Por primera vez en la historia de la especie las corporaciones saben más que los médicos acerca de estos fenómenos. La manipulación de la conducta ingestiva no procede al azar, es producto del conocimiento íntimo de sus mecanismos y circuitos involucrados. Es absurdo intentar en la consulta médica modificar -apelando a la voluntad y a la culpabilización- una serie de hábitos que han sido configurados con una precisión biológica científica de la que los médicos carecemos.
Afirma el doctor Robert Lustig: "La comida está más allá de nuestras necesidades; se ha convertido en comodity, ha sido reformulada para convertirla en sustancia adictiva". (Fat Chance)
No son ni el colapso de la voluntad ni la muerte del libre albedrío. Es la brutal manipulación de la fisiología puesta al servicio de los intereses sin considerar el precio que se pague en términos de salud, bienestar o supervivencia
El funcionamiento de los circuitos cerebrales de motivación / saliencia /recompensa son el modo en que la cultura crea conductas. El placer y la aversión han sido imprescindibles para la supervivencia de la especie. Hasta que la  industria alimentaria puso ese mecanismo a su servicio. No son ni el colapso de la voluntad ni la muerte del libre albedrío. Es la brutal manipulación de la fisiología puesta al servicio de los intereses sin considerar el precio que se pagua en términos de salud, bienestar y muerte. El “libre albedrío" se define como: el poder de tomar decisiones libres que no estén restringidas por circunstancias externas o por necesidad. Es evidente que no es eso lo que les ocurre a nuestros pacientes en el mundo real.
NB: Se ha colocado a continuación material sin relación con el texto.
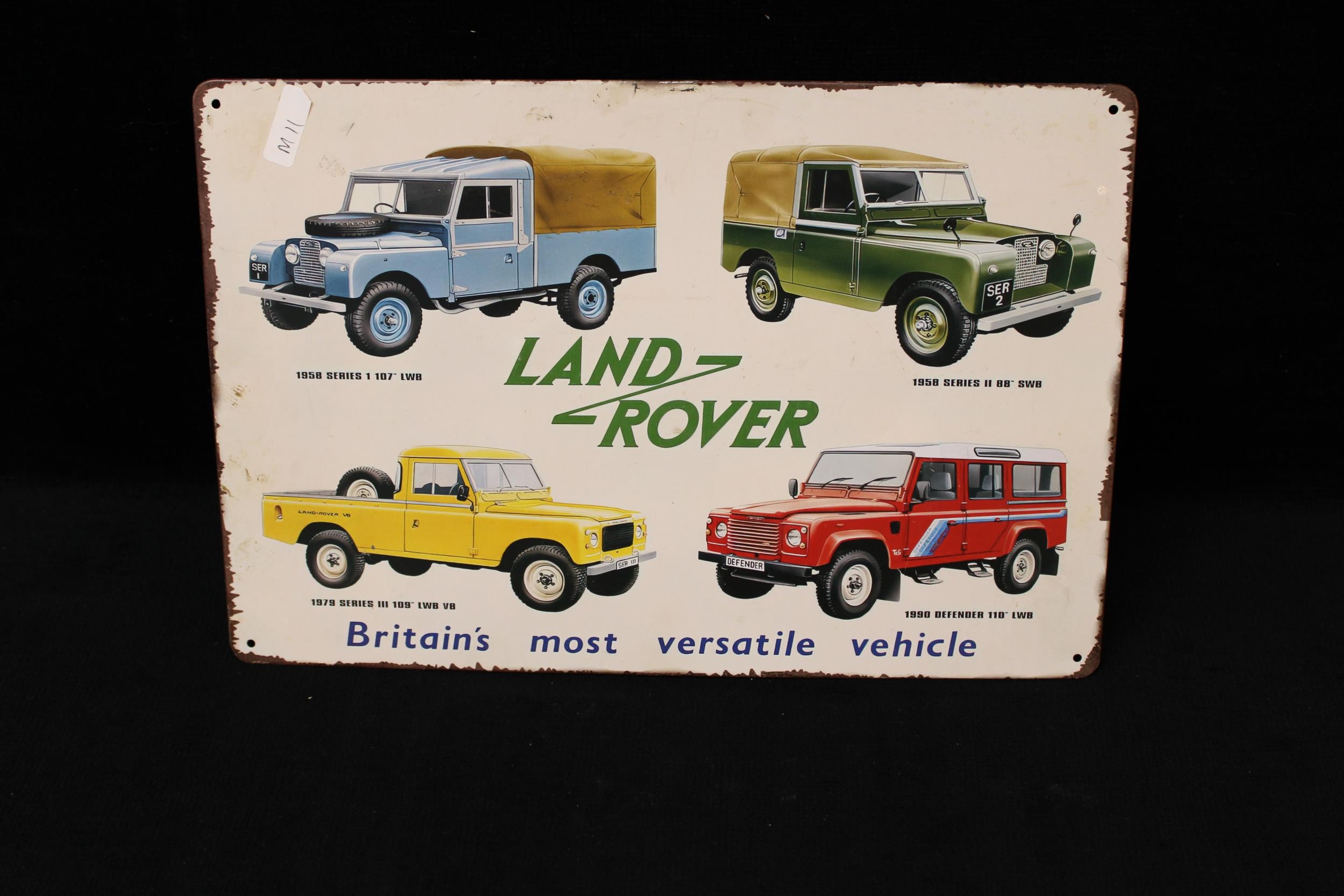 A tin plate Land Rover sign - 29.5cm x 20cm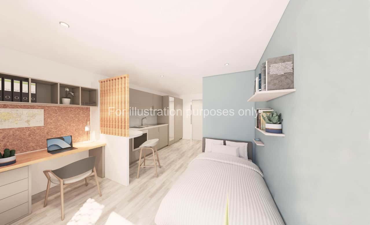 The Premium Plus Studio offers between 22m² and 24m² of living space. This studio includes a cosy bed, a stylish ensuite washroom, and a study desk and chair for focused work. The cupboard with ample storage is perfect for organising your belongings. The private kitchen gives you the independence to cook and dine whenever you please. Spacious, modern, and inviting, the Premium Plus Studio is your perfect match. Book your room today!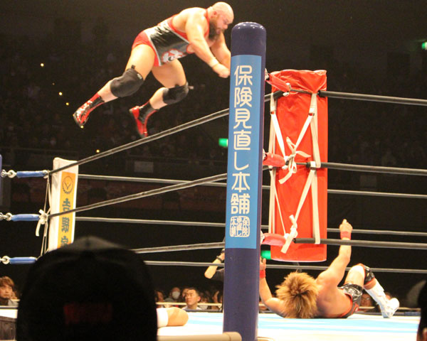そのメインの内藤vsエルガンはエルガンが持ち前のパワーを駆使して内藤の制御不能ワールドを潰しにかかり、エルガンがエプロンからトペコンヒーロを発射すれば、リングに戻った内藤はコーナーのエルガンをドロップキックで落としてからトペスイシーダを発射するも、キャッチしたエルガンは花道めがけてブレーンバスターで投げ、リングに戻ってロープ越しのファルコンアローを狙うが、阻止した内藤はロープを使っての膝攻めから執拗な膝攻めを展開、だがエルボーや逆水平、延髄斬りで応戦し変形のファルコンアローから串刺しラリアット、コーナーへのジャーマン、ジャーマンスープレックスホールド、ラリアットと攻勢をかけ、内藤はトルネードDDTで反撃を狙うが、エルガンが堪えてブレーンバスターで投げようとするが、内藤はエルガンのパワーを逆用してDDTで突き刺す。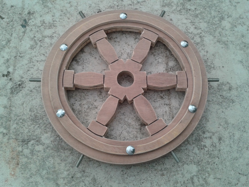 А ето как две кръгли парчета шперплат, от една макара се превърнаха в корабен щурвал. Ще го сложа тия дни на пързалката, за да се превръща във въображаем кораб....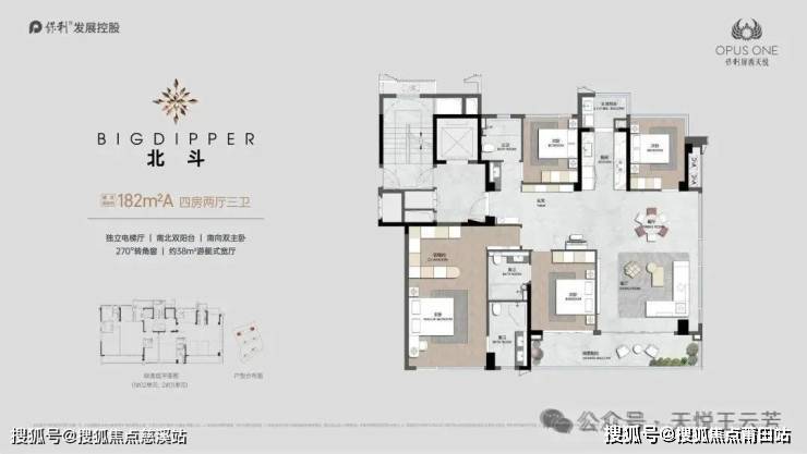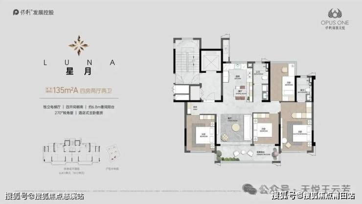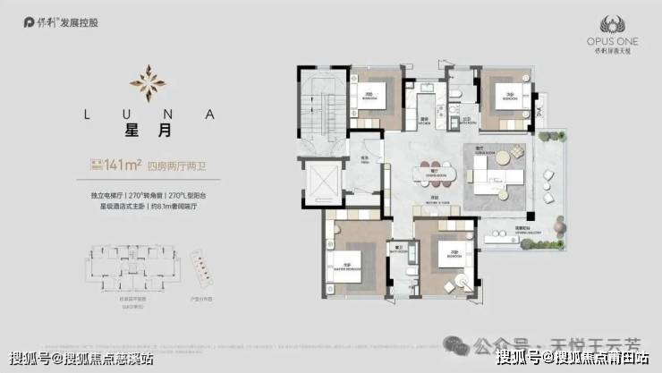 独立电梯厅,270°转角窗,270°L型阳台,星级酒店式主卧,约8.1m奢阔端厅。
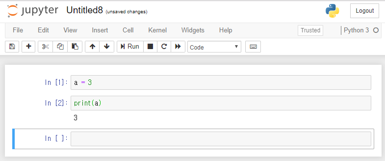 실제로, 파이썬에서 많이 쓰는 IDE 툴인 Jupyter Notebook에서 파이썬을 실행하는 예를 들면,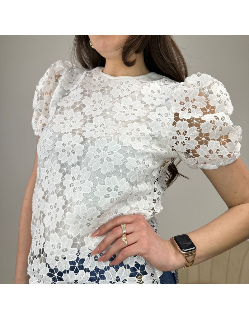 Maglia in pizzo, trama fiori, con mezza manica a sbuffo e collo rotondo.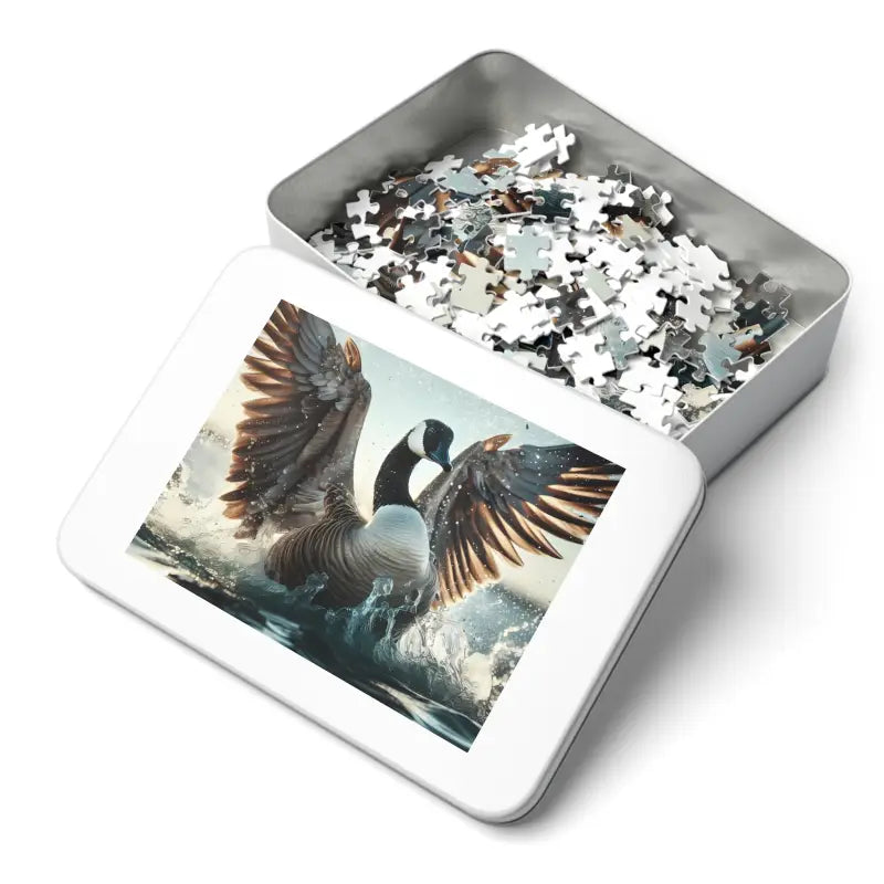 Get ready for an enchanting journey of tranquility with our Dive Into Relaxation Goose Fluttering Jigsaw Puzzle. This stunning 1000-piece puzzle is crafted from high-quality chipboard, offering a delightful and challenging experience perfect for adults seeking downtime or a fun family activity. The intricate design featuring a graceful goose fluttering in water is a masterpiece waiting to come alive under your hands. Available in various piece counts for all ages, this puzzle arrives in a classy gift-ready metal box, making it an ideal present.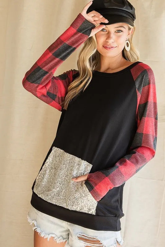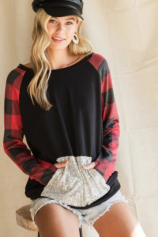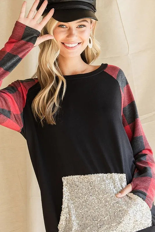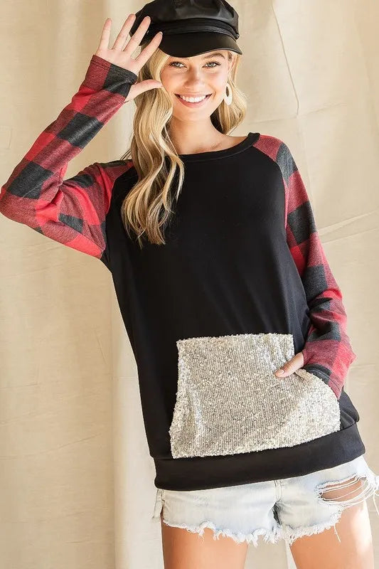 BiBi Stylish French Terry Top with Sparkling Sequin Pocket
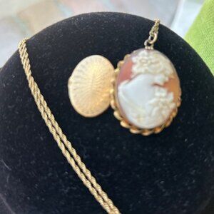 PR.ST.CO 1/20 12K GF Mother of Pearl Cameo Locket NECKLACE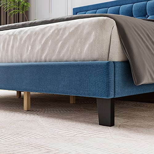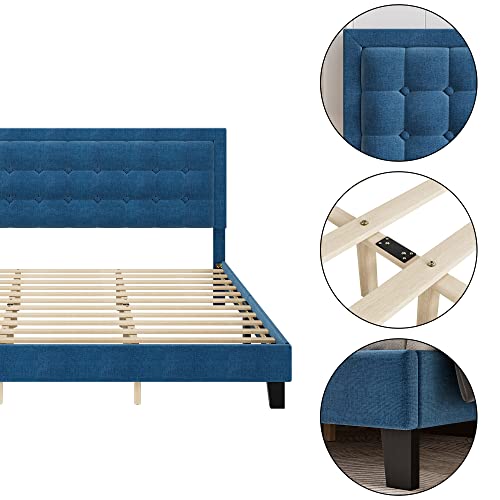 Queen Size Bed Frame with Button Tufted Headboard, Upholstered Low Platform Bed Frame, Wooden Slat Support, Noise Free, No Box Spring Needed, Easy Assembly, Light Gray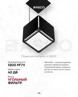 ASK 40 BL — стильная подвесная вытяжка в кубическом дизайне.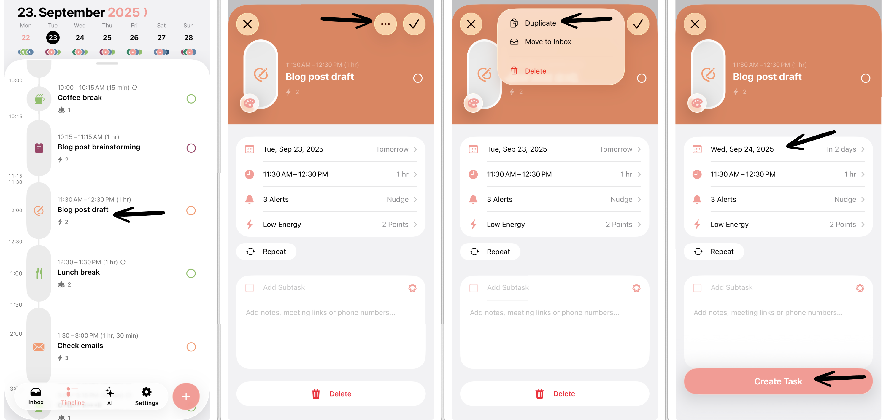 Following, you can learn how to copy a specific task or a whole day. Please note that the copy day feature is not available on 🤖 Android and 🌐 Structured Web yet.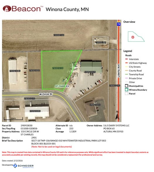 133 Circle Dr - S & S Dairy Systems 1.13 Acres of Commercial Land Offered at $204,176 CAD in Saint Charles, MN 55972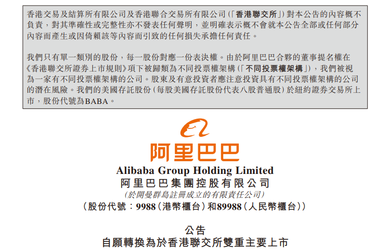 公告还显示,阿里巴巴在香港双重主要上市不涉及新股发行和融资。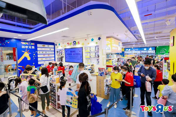 六一當(dāng)天,玩具反斗城店內(nèi)人頭攢動(dòng)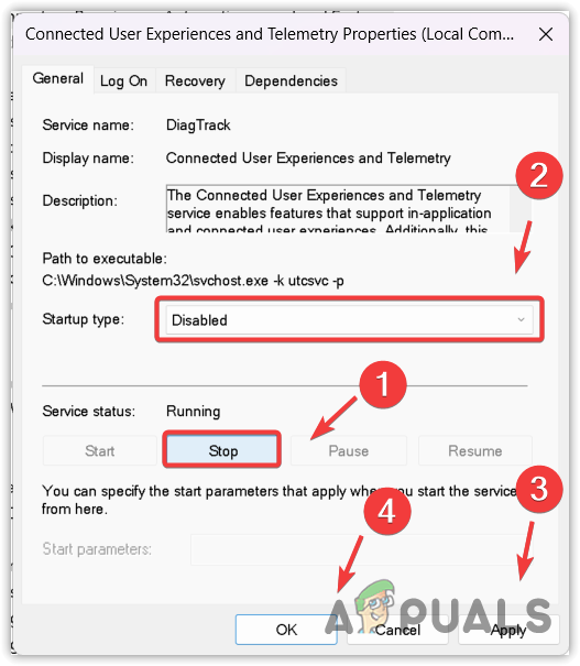 - Once done, close the registry editor and move on to disable the Connected User Experiences and Telemetry service.
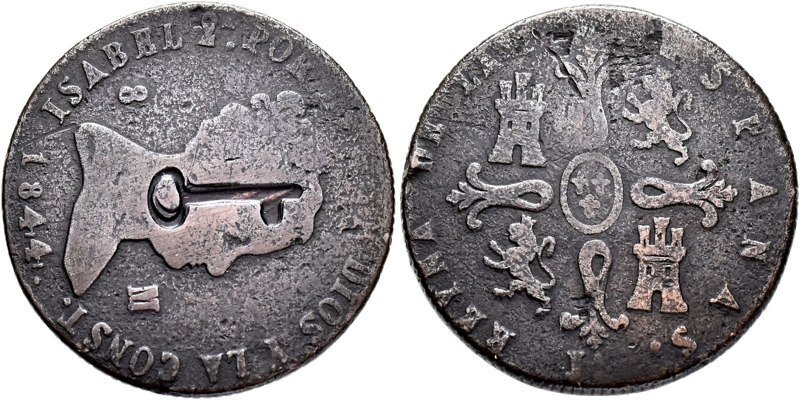 Sobre 8 maravedís 1844, Jubia, contramarca llave. Orol-CO.33. La contramarca MBC. Rara.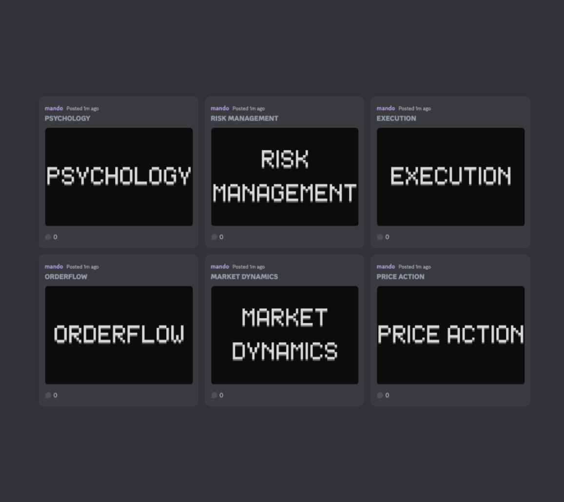 Follow our structured curriculum to enhance your trading. Whether you're a beginner building your foundation or an advanced trader refining your strategy, it covers everything from price action and orderflow to market dynamics and execution, equipping you with the skills to trade confidently.

Hay una ingenuidad estructural en el abordaje de los problemas desadaptativos del presente. Una idea reduccionista que se limita a describir sin explicar, a exigir sin comprender y a corregir variables sin tomar en cuenta los motivos de sus desvíos. La epidemiología de nuestros días no solo reclama la apertura hacia nuevos conocimientos y diversas disciplinas, exige algo mucho más drástico en nuestro modo de pensar: una verdadera reformulación epistemológica del objeto de estudio. La biología de sistemas, la medicina sistémica emergentista, la teoría de la evolución, los mecanismos regulatorios homeostáticos y alostáticos y otros abordajes ausentes del conocimiento médico estándar apuntan en esa dirección. Lo que sabemos, es insuficiente; nuestras herramientas cognitivas no lograrán comprender –y mucho menos modificar- la realidad que abordamos. Algo muy profundo debe cambiar con urgencia, y de una manera radical.